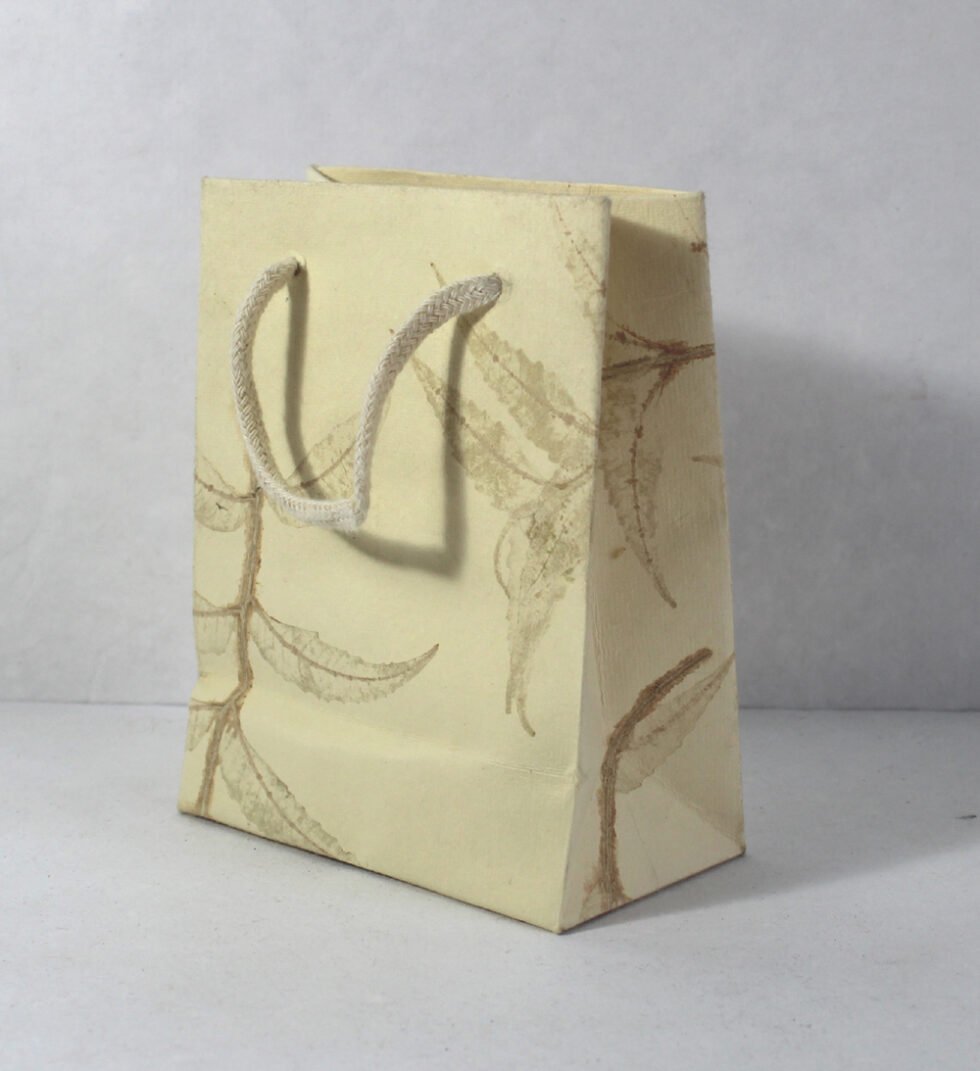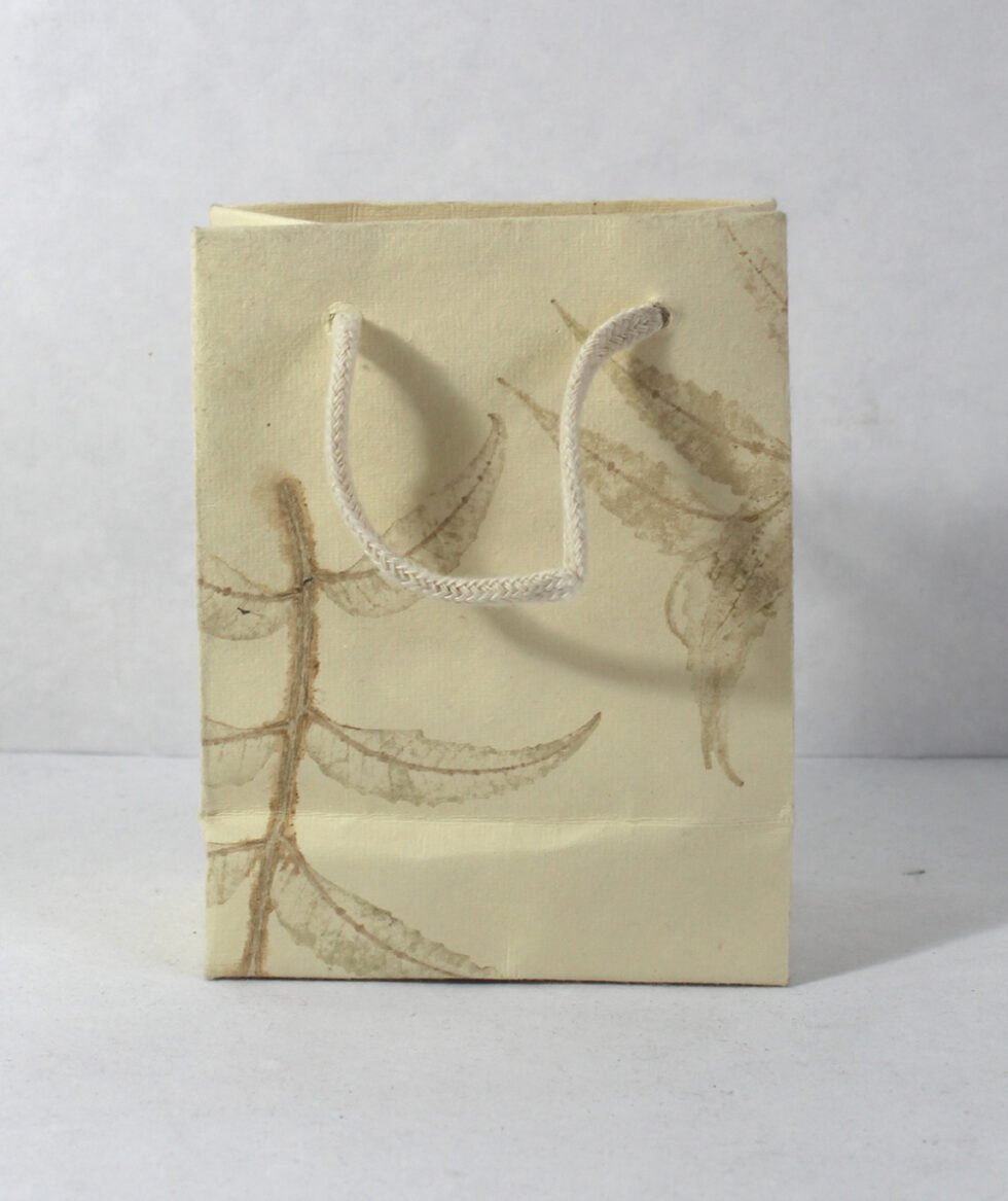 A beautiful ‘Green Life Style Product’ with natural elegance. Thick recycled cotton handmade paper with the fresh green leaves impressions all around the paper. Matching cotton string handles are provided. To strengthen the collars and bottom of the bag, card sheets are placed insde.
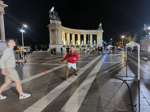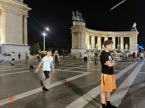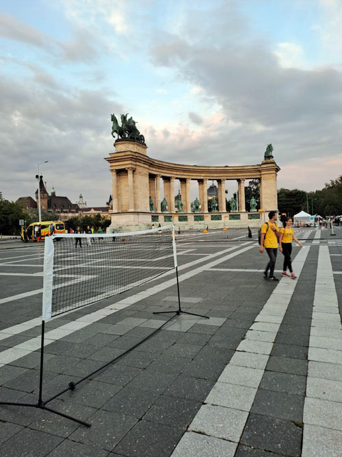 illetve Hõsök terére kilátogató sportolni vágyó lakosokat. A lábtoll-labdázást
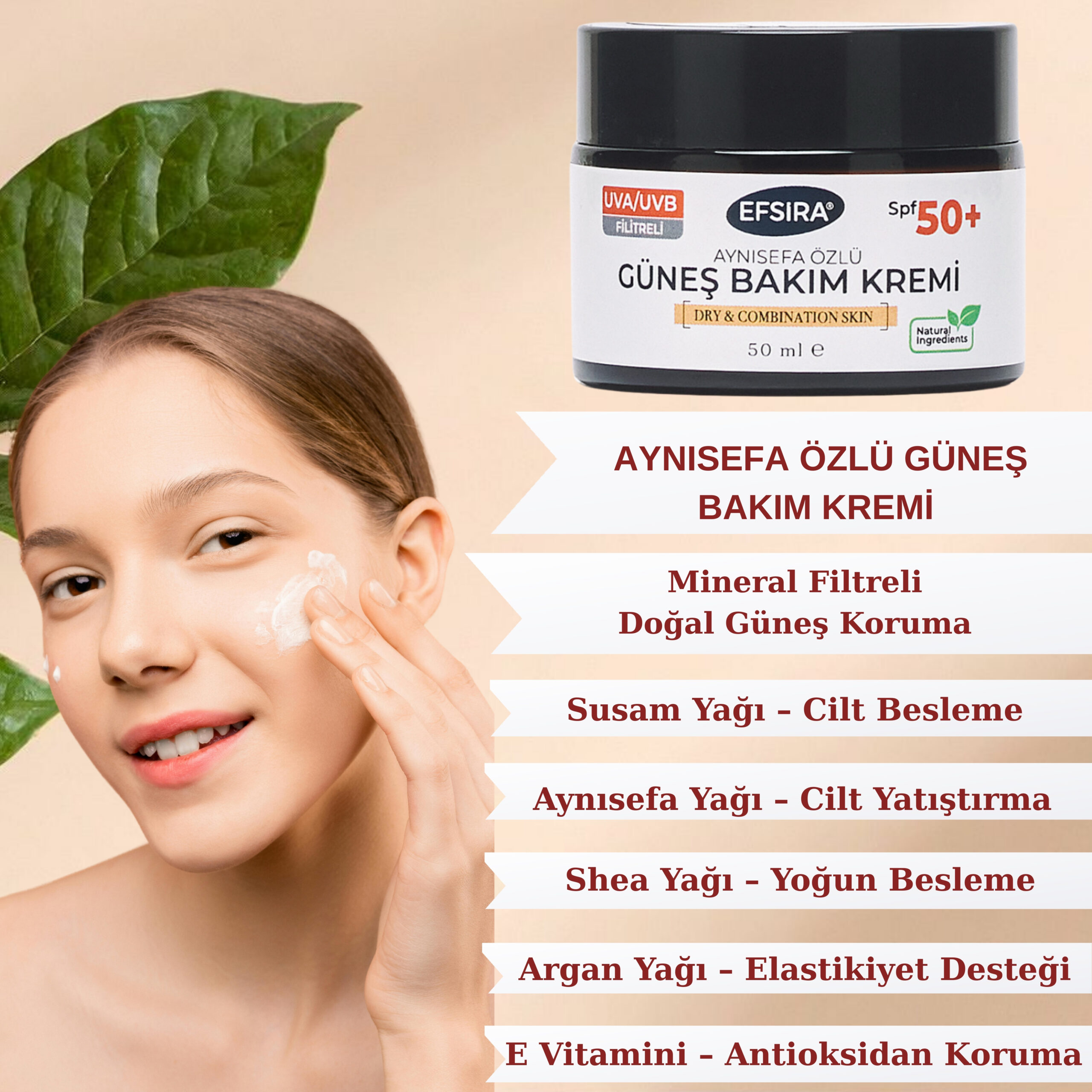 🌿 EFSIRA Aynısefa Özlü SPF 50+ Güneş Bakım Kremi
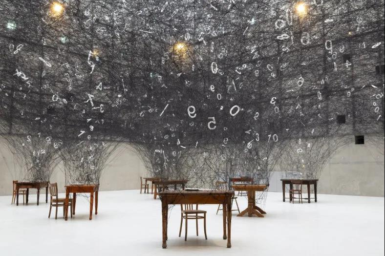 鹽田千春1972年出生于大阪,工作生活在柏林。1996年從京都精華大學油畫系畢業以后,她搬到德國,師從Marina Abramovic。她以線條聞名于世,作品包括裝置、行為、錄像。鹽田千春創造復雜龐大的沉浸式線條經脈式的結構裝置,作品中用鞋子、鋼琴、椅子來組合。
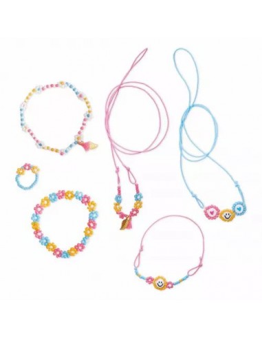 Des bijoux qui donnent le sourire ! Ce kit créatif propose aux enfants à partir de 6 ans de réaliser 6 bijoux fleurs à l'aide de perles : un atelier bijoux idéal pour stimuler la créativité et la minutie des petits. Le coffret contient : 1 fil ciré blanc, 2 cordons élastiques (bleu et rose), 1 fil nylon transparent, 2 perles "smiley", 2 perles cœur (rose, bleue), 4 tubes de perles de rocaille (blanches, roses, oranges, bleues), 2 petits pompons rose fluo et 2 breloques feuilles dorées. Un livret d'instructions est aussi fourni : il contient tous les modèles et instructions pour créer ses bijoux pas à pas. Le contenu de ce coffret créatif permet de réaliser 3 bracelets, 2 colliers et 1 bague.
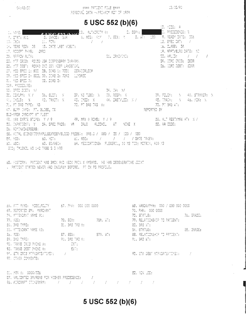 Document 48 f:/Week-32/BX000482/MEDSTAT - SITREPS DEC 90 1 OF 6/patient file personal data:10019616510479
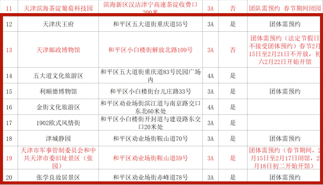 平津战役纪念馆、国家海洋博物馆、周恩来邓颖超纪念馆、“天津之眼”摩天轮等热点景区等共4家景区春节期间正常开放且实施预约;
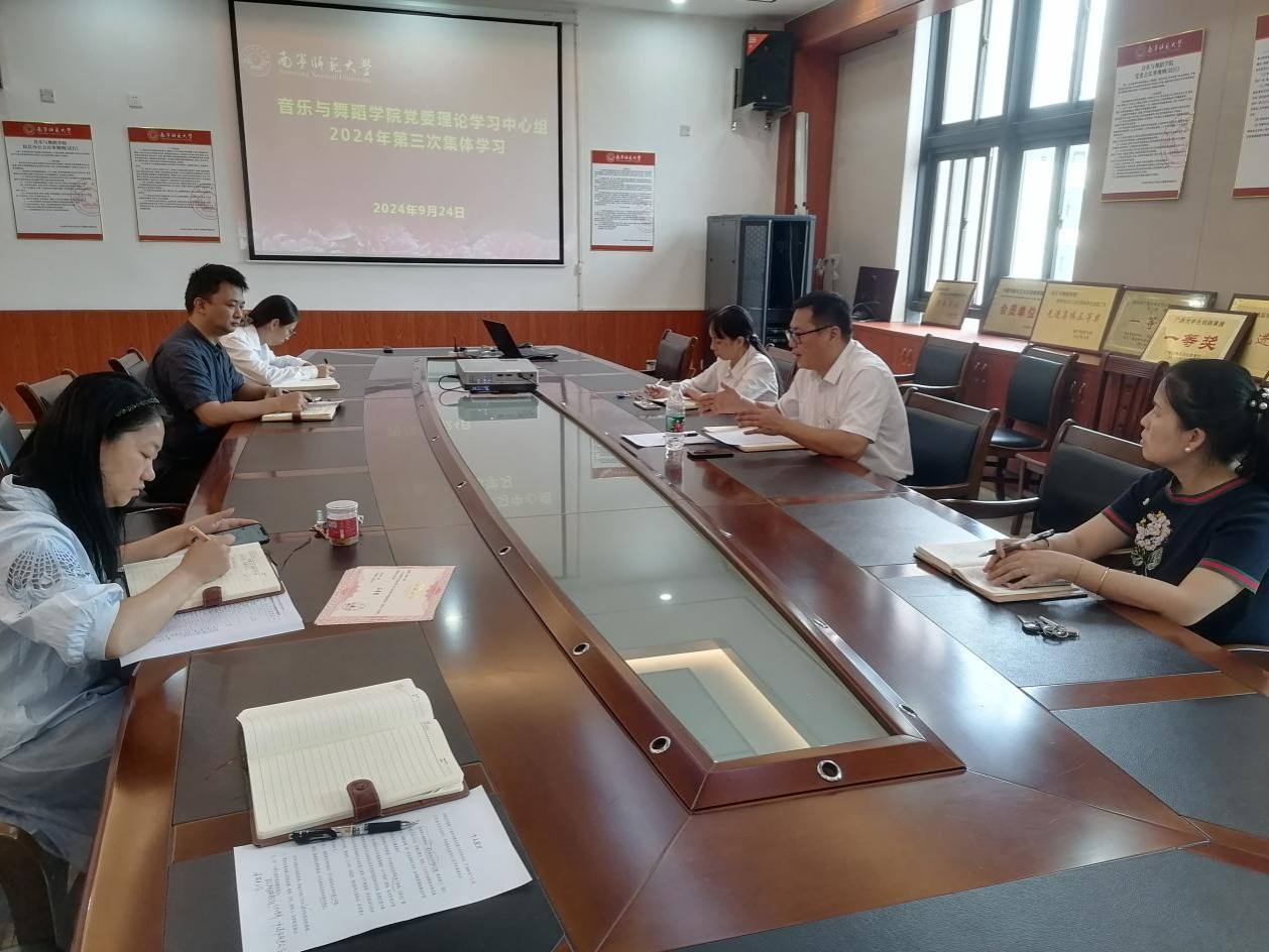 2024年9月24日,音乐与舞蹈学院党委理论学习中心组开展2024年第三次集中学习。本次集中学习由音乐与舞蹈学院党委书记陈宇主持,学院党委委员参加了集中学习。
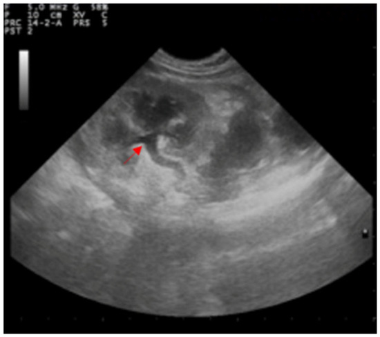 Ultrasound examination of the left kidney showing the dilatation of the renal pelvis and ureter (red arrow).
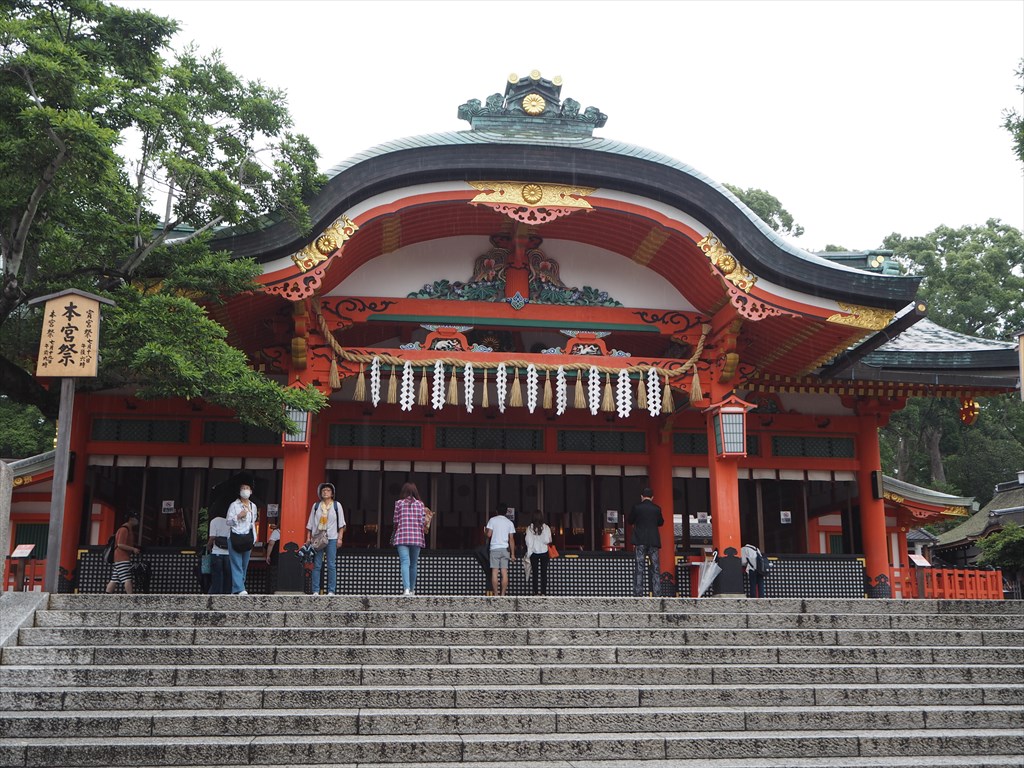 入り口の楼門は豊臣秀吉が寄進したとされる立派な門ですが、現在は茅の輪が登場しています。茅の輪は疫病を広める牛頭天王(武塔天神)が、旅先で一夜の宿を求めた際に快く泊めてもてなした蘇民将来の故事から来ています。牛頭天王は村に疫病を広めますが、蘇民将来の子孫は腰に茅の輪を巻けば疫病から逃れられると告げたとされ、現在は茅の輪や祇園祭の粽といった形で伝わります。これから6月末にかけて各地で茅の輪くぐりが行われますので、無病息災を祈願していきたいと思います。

Exercise prompt
Nothing but the lines from the one containing "Document 48 f:/Week-32/BX000482/MEDSTAT" through the last line of the listing should be copied, each word for word and without pictures.

Result
 Document 48 f:/Week-32/BX000482/MEDSTAT - SITREPS DEC 90 1 OF 6/patient file personal data:10019616510479
 平津战役纪念馆、国家海洋博物馆、周恩来邓颖超纪念馆、“天津之眼”摩天轮等热点景区等共4家景区春节期间正常开放且实施预约;
 2024年9月24日,音乐与舞蹈学院党委理论学习中心组开展2024年第三次集中学习。本次集中学习由音乐与舞蹈学院党委书记陈宇主持,学院党委委员参加了集中学习。
 Ultrasound examination of the left kidney showing the dilatation of the renal pelvis and ureter (red arrow).
 入り口の楼門は豊臣秀吉が寄進したとされる立派な門ですが、現在は茅の輪が登場しています。茅の輪は疫病を広める牛頭天王(武塔天神)が、旅先で一夜の宿を求めた際に快く泊めてもてなした蘇民将来の故事から来ています。牛頭天王は村に疫病を広めますが、蘇民将来の子孫は腰に茅の輪を巻けば疫病から逃れられると告げたとされ、現在は茅の輪や祇園祭の粽といった形で伝わります。これから6月末にかけて各地で茅の輪くぐりが行われますので、無病息災を祈願していきたいと思います。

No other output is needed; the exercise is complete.